# Nearest Neighbor for Spine Injury Classification

Classify Back Injuries for Patients in a Hospital with **Nearest Neighbor Classification**, based on measurements of the shape and orientation of their pelvis and spine.

The data set contains information from **310** patients. For each patient, there are: six measurements (the x) and a label (the y). The label has **3** possible values, `’NO’` (normal), `’DH’` (herniated disk), or `’SL’` (spondilolysthesis). 

## 1. Setup notebook

In [1]:
import numpy as np

We divide the data into a training set of 248 patients and a separate test set of 62 patients. The following arrays are created:

* **`trainx`** : The training data's features, one point per row.
* **`trainy`** : The training data's labels.
* **`testx`** : The test data's features, one point per row.
* **`testy`** : The test data's labels.

We will use the training set (`trainx` and `trainy`), with nearest neighbor classification, to predict labels for the test data (`testx`). We will then compare these predictions with the correct labels, `testy`.

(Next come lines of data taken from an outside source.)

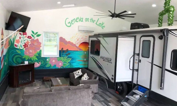 Glamorous Camping - Hot Tub - GOTL - Sunset Vacation Rentals is located in Geneva-on-the-Lake. Glamorous Camping - Hot Tub - GOTL - Sunset Vacation Rentals provides accommodation, featuring Internet, Kitchen, Fireplace/Heating, among other amenities. This House features Internet, Kitchen, Fireplace/Heating, to make your stay a comfortable one.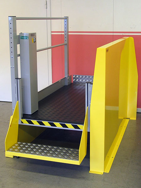 På ena långsidan finns ett gult lutningsstöd som gör det enklare att sträcka sig över och plocka varorna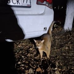 кошка или кот. Абиссинская порода. Найден около стадиона Старт и ДШИ N10. Ласковый, но не дает взять себя на руки. Видели 25. 10. 25 примерно в 22:30, забрался на дерево.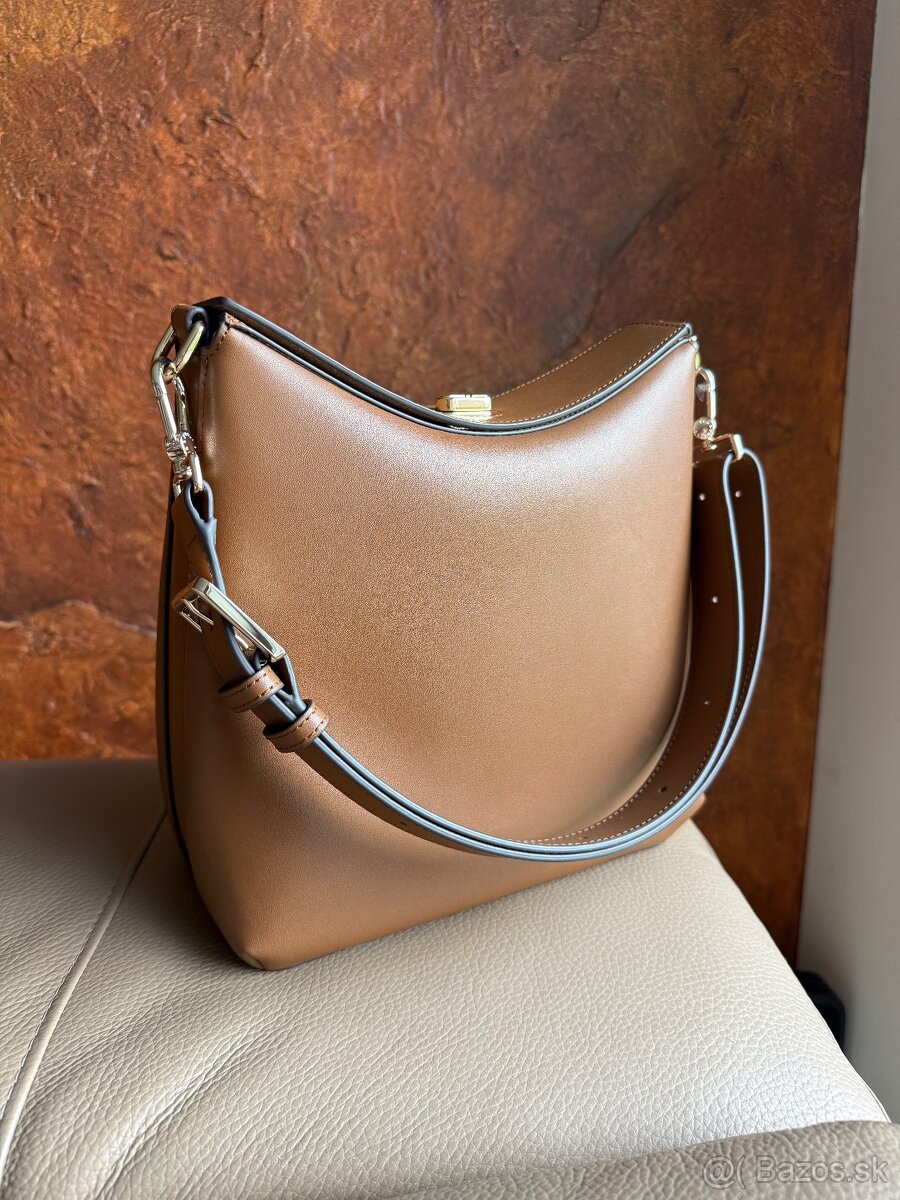Kozena kabelka Furla hnedej farby so zlatymi detailami. 100% stav. Nenosena.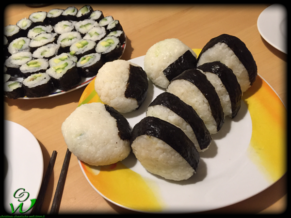 Nun hier beschreib ich euch wie ich Onigiri machte oder auf deutsch Reisbällchen.
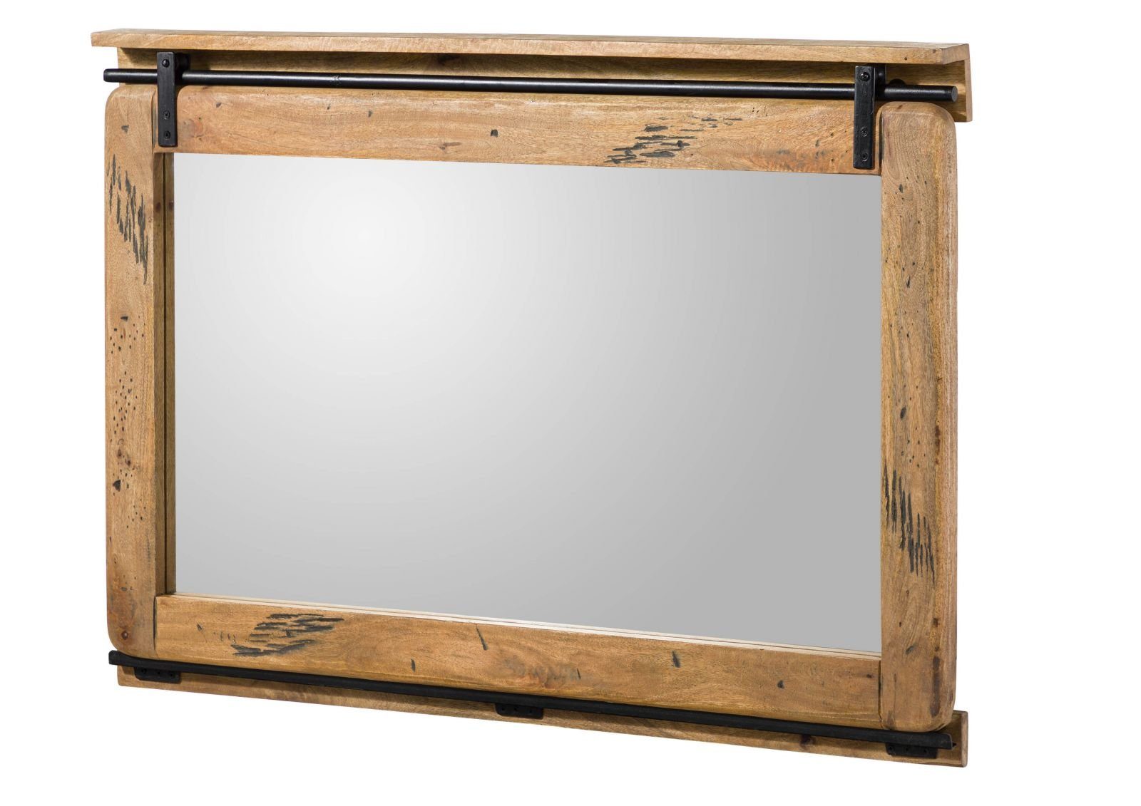 Markanter Holzspiegel: Rustikal mit Metall und massiver Mango Dieser Spiegel in der Размер 114x6x80 cm aus Mango-Massivholz zeigt, wie wenige Details den ganzen Look verwandeln können: Am oberen Rand des Holzrahmens befindet sich eine schwarze Stange aus Metall, die von zwei grob gearbeiteten Scharnieren dort befestigt ist – parallel zu drei weiteren Metallelementen am unteren Spiegelrand. Aus dem Wandspiegel wird so ein dekoratives Objekt in angesagter Industrial-Optik, das perfekt mit anderen Möbelstücken dieser Stilrichtung harmoniert.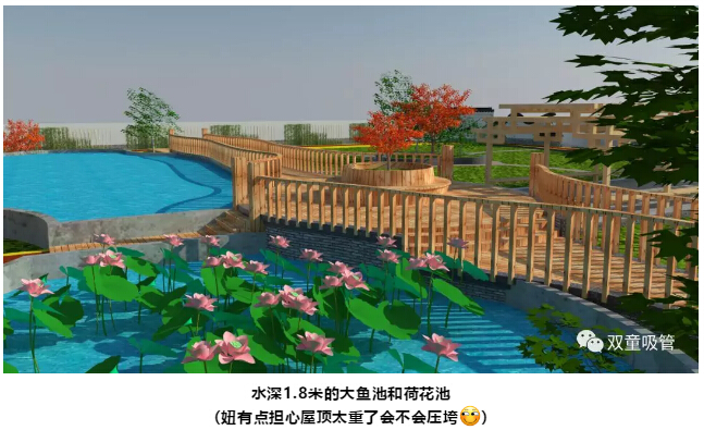 值得一提的是,光是空中花園的養(yǎng)魚(yú)池就足足500多平米,可以養(yǎng)千把斤魚(yú),再加上300平米的荷花池,蓮藕種植、荷花觀(guān)賞一樣也不落!站在橋上觀(guān)景,花香陣陣襲來(lái),魚(yú)兒自由來(lái)去,心情立馬就放松了!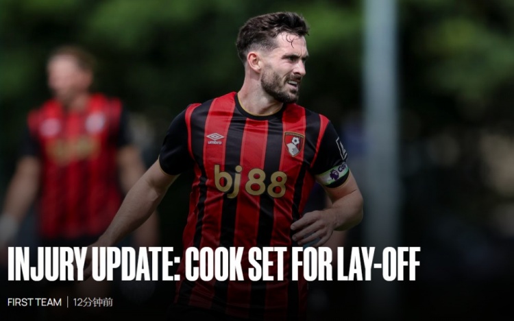 官方:伯恩茅斯中场库克在热身赛内侧副韧带受伤,但无需接受手术
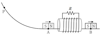 그림은 자석을 P점에서 가만히 놓아 마찰이 없는 레일을 따라 저항 R이 연결된 코일을 지나는 것을 나타낸다. A와 B는 같은 높이의 점이며 코일 중심에서 같은 거리만큼 떨어져 있다. 자석이 A와 B를 지날 때의 물리량을 비교한 것으로 옳은 것은? (단, 공기 저항은 무시한다)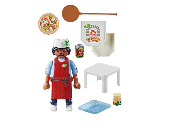 Περιλαμβάνει πίτσα, κουτί πίτσας και απίθανα αξεσουάρ. Όσοι αγαπούν την πίτσα, σίγουρα θα λατρέψουν το συγκεκριμένο σετ παιχνιδιού. Ο Mr. Pizza βγάζει την πίτσα από τον ξυλόφουρνο, την τοποθετεί πολύ προσεκτικά στο κουτί… και καλή σας απόλαυση! Το καπέλο και η ποδιά μπορούν να αφαιρεθούν από τη φιγούρα.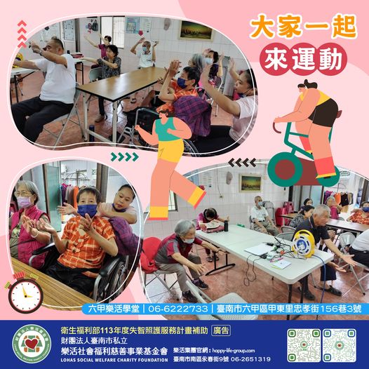 六甲樂活學堂 <大家一起來運動> 一兩三四 摎手拍啊拍 兩兩三四 兩腳跳啊跳 三兩三四 屎朏扭啊扭…
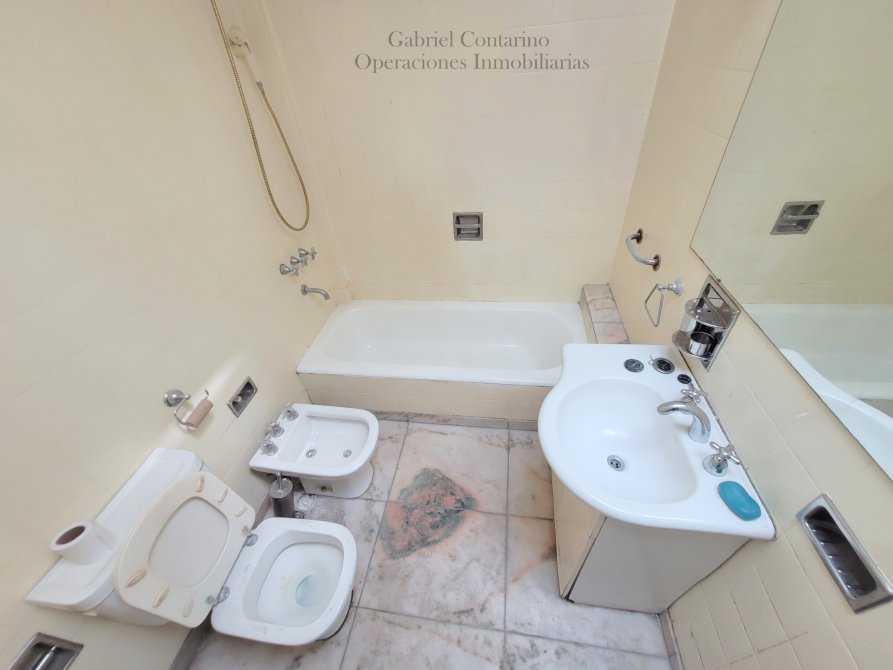Al contrafrente segundo dormitorio con placard, buen espacio de guardado. Piso de madera tipo parquet. Calefactor de tiro balanceado y vista al patio posterior. Baño completo con bañera y mueble tipo alacena. Comunicado a través del living y con entrada independiente amplia cocina comedor diario, piso de mosaico granítico. Mueble bajo mesada y alacena. Pared revestida con madera. Cuenta con horno, anafe y extractor de humo.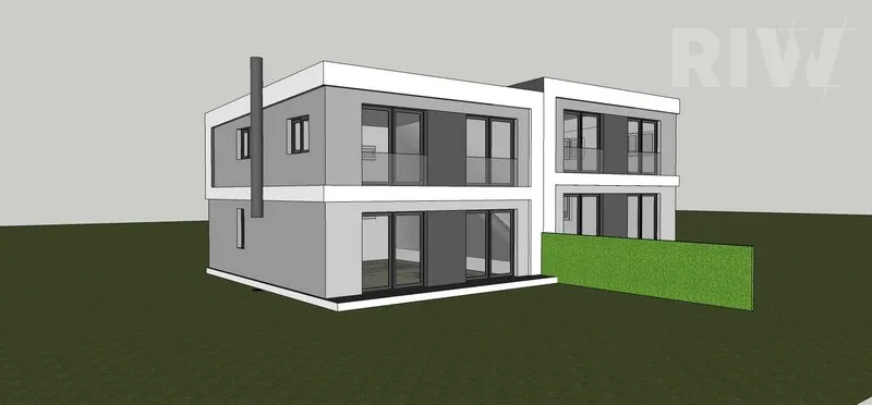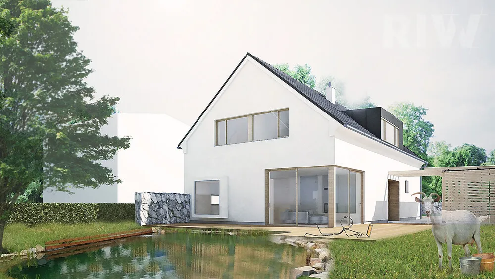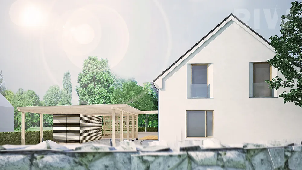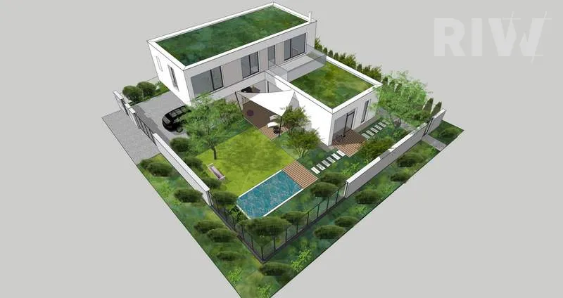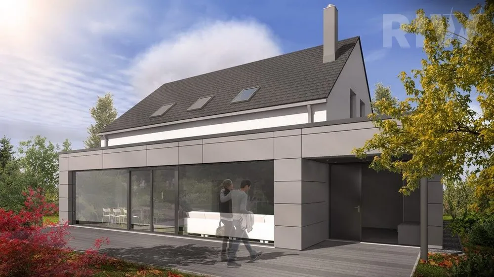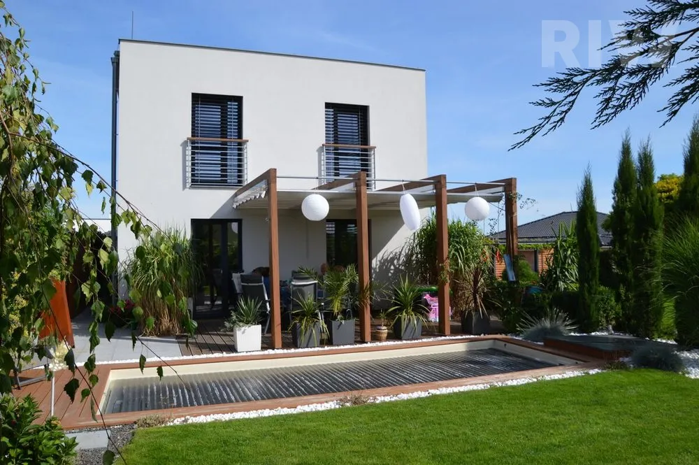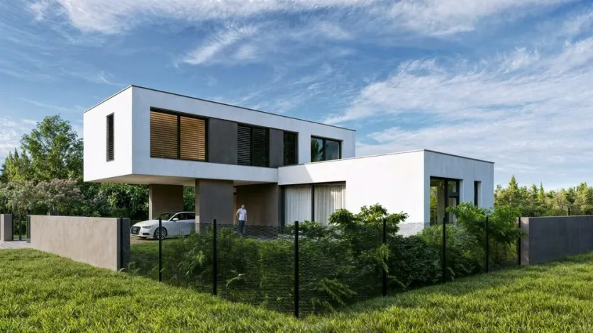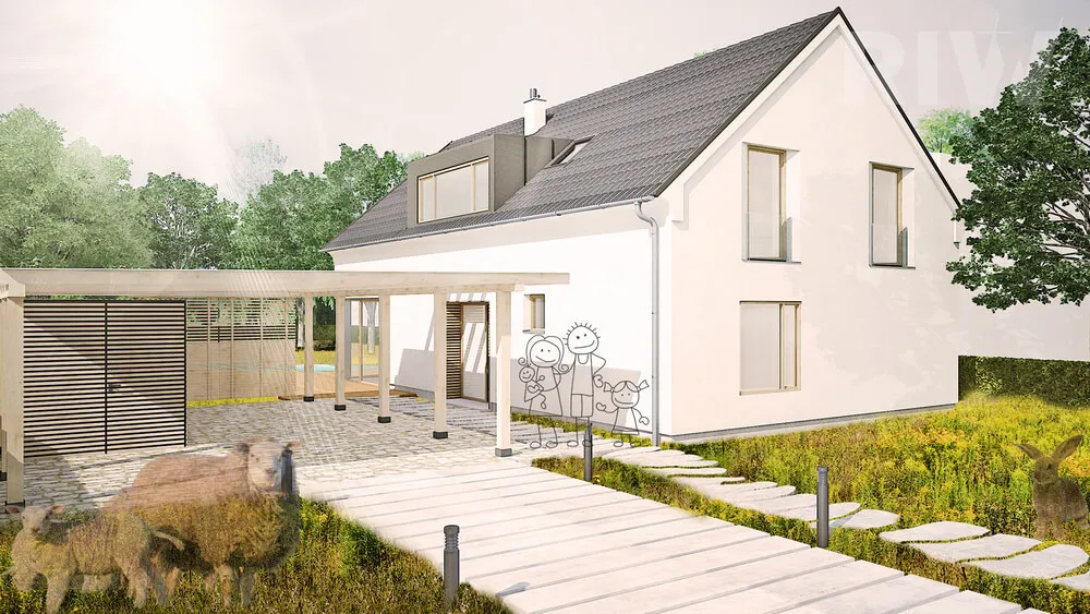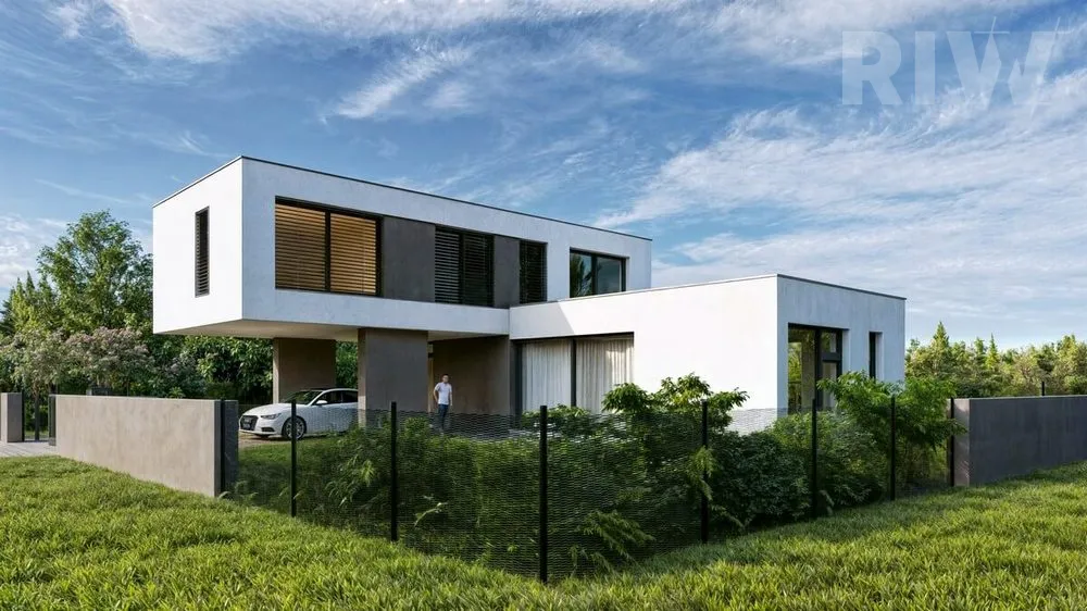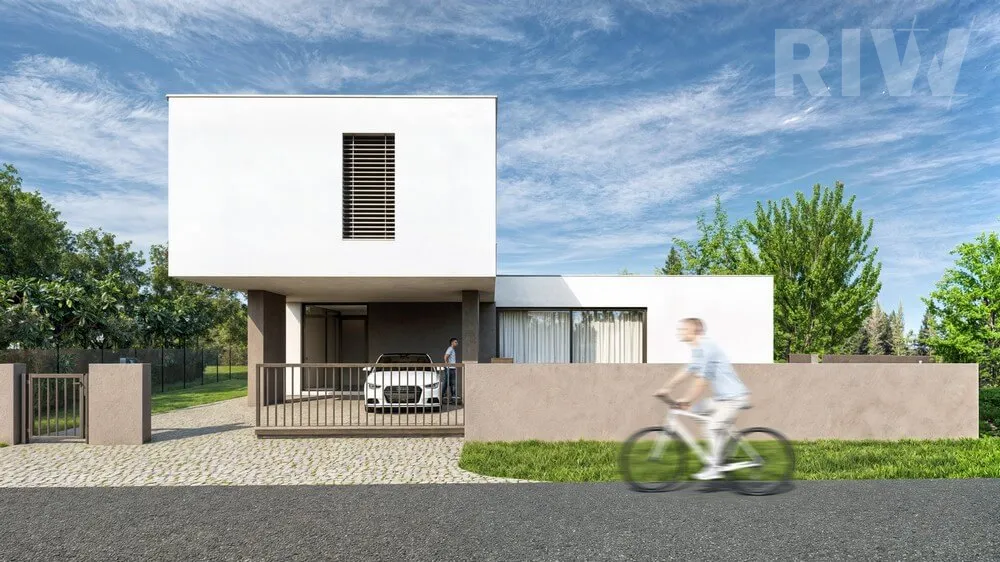 Dvoupodlažní dům s plochou střechou obdélníkového tvaru, velkou terasou, která nabízí atraktivní místo na slunci i ve stínu propojená se zahradou a bazénem. K domu vcházíme přístřeškem dvougaráže se zelenou střechou. Dispoziční řešení tohoto domu je efektivní a zároveň velkorysé. V přízemí se nachází prostorný obývací pokoj, jídelní a kuchyňský kout, technická místnost se sprchovým koutem a WC. Schodiště se diskrétně uhnízdilo do středu domu, takže v horním patře je dostatek místa pro tři pokoje se vstupem na balkón, koupelnu s vanou a samostatným WC. Hlavní ložnice je obzvláště příjemná díky velké šatně. Dům má směrem do ulice velká okna, kterým se majitelé mohou nerušeně kochat výhledem.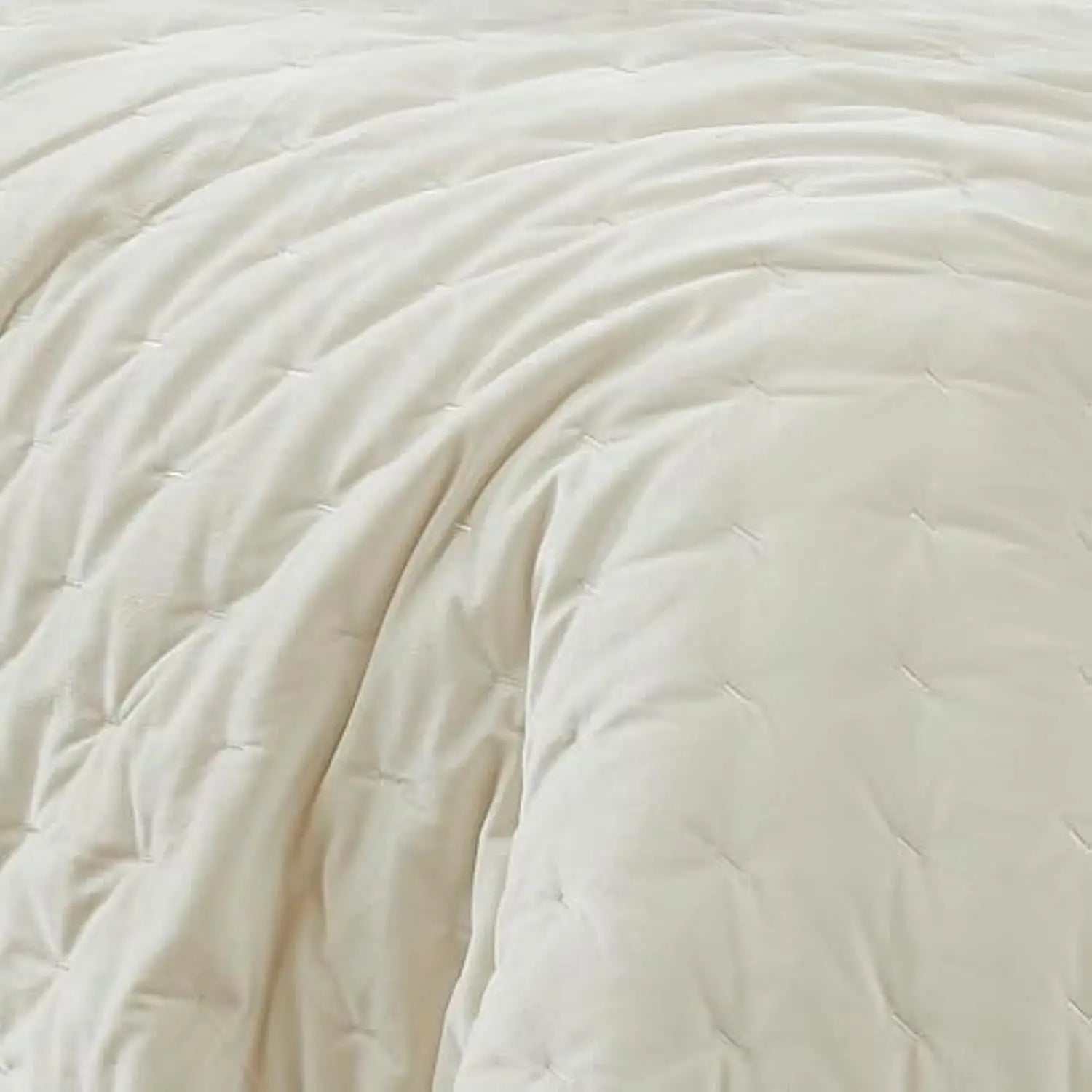 - Quilt Set, 3-Piece Cozy Velvet Bedding with Matching Shams, Embroidered Stitch Design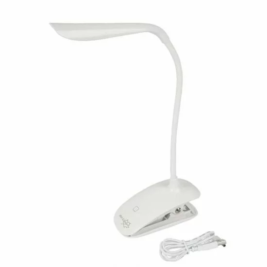 Una bombilla recargable. Esta lámpara se puede acoplar fácilmente mediante una abrazadera. Esta lámpara se puede montar en el borde de una mesa, en una silla, en el poste de una tienda de campaña, etc. (máximo Ø 5,5 cm) La lámpara también se puede colocar sin usar la abrazadera. Debido a la flexibilidad de la lámpara, se puede doblar en cualquier posición deseada. Regulable en 3 modos de luz y se puede cargar mediante el cable USB suministrado. Tiempo de combustión: 20-10 horas. Salida de luz: 20-55 lúmenes.

Notice that we code the three labels as `0. = ’NO’, 1. = ’DH’, 2. = ’SL’`.

In [2]:
# Load dataset and code labels as 0 = 'NO', 1 = 'DH', 2 = 'SL'
labels = [b'NO',b'DH',b'SL']
data   = np.loadtxt('Files/spine/column_3C.dat', converters={6: lambda s: labels.index(s)})

# Separate features from labels
x = data[:,0:6]
y = data[:,6]

# Divide into training and test set
trainingIndices = list(range(0,20)) + list(range(40,188)) + list(range(230,310))
testIndices     = list(range(20,40)) + list(range(188,230))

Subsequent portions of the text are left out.